ASSIGNMENT. Transcribe the data exactly, pictures excluded.

MATERIAL PROVIDED.
== == ==

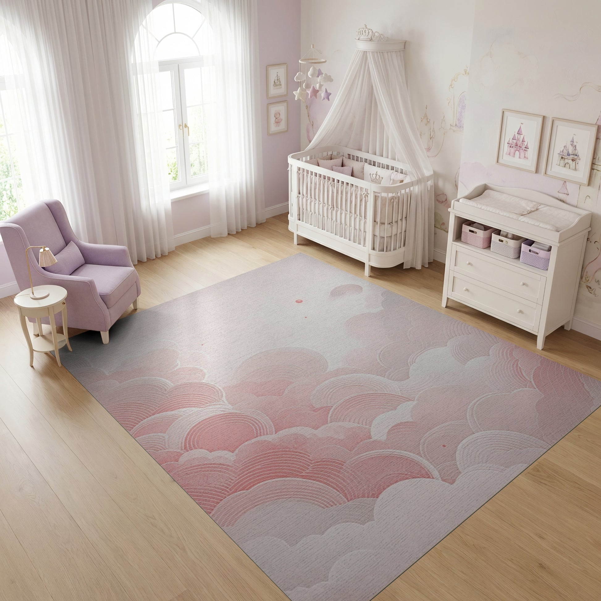 Flatwoven High Traffic Area Rug, Dreamy Blush Gray Clouds Rug, Non Slip, Stain Resistant, Washable Area Rugs for Study Room, Playroom, Bedroom Overview:
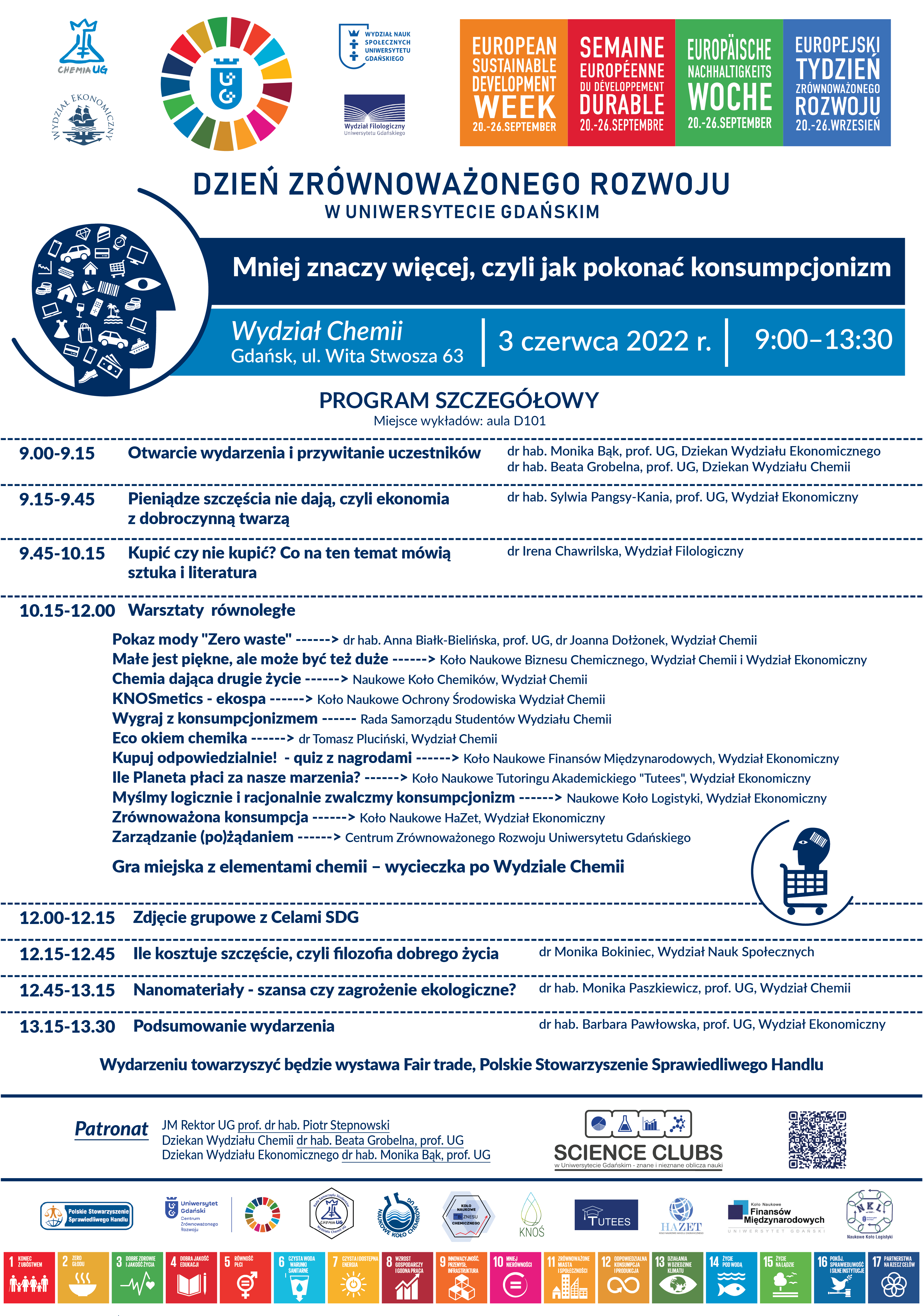 The waste of natural resources, the destructive influence on the human spiritual sphere, the perception of human value solely by what one possesses - these are just some of the sins of consumerism. Raising environmental awareness and shaping pro-ecological attitudes among students, employees and the environment is in the interest of all of us. In response to the increasingly visible problems of nature, the UG Chemistry Department is organising a Sustainable Development Day on June 3rd.
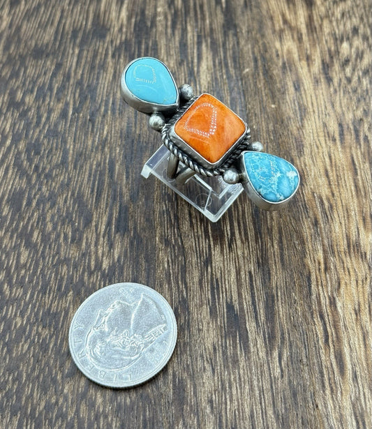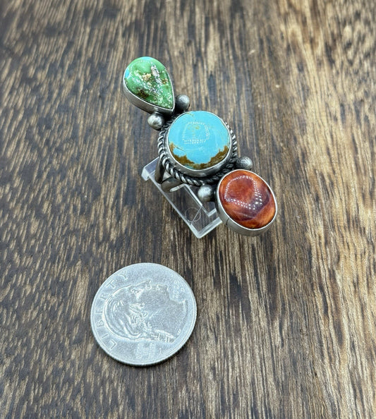 Native Navajo Handmade Sterling Silver Mixed Stone Turquoise Cluster Ring Size 7

== == ==

RESPONSE TO THE EXERCISE.
 Flatwoven High Traffic Area Rug, Dreamy Blush Gray Clouds Rug, Non Slip, Stain Resistant, Washable Area Rugs for Study Room, Playroom, Bedroom Overview:
 The waste of natural resources, the destructive influence on the human spiritual sphere, the perception of human value solely by what one possesses - these are just some of the sins of consumerism. Raising environmental awareness and shaping pro-ecological attitudes among students, employees and the environment is in the interest of all of us. In response to the increasingly visible problems of nature, the UG Chemistry Department is organising a Sustainable Development Day on June 3rd.
 Native Navajo Handmade Sterling Silver Mixed Stone Turquoise Cluster Ring Size 7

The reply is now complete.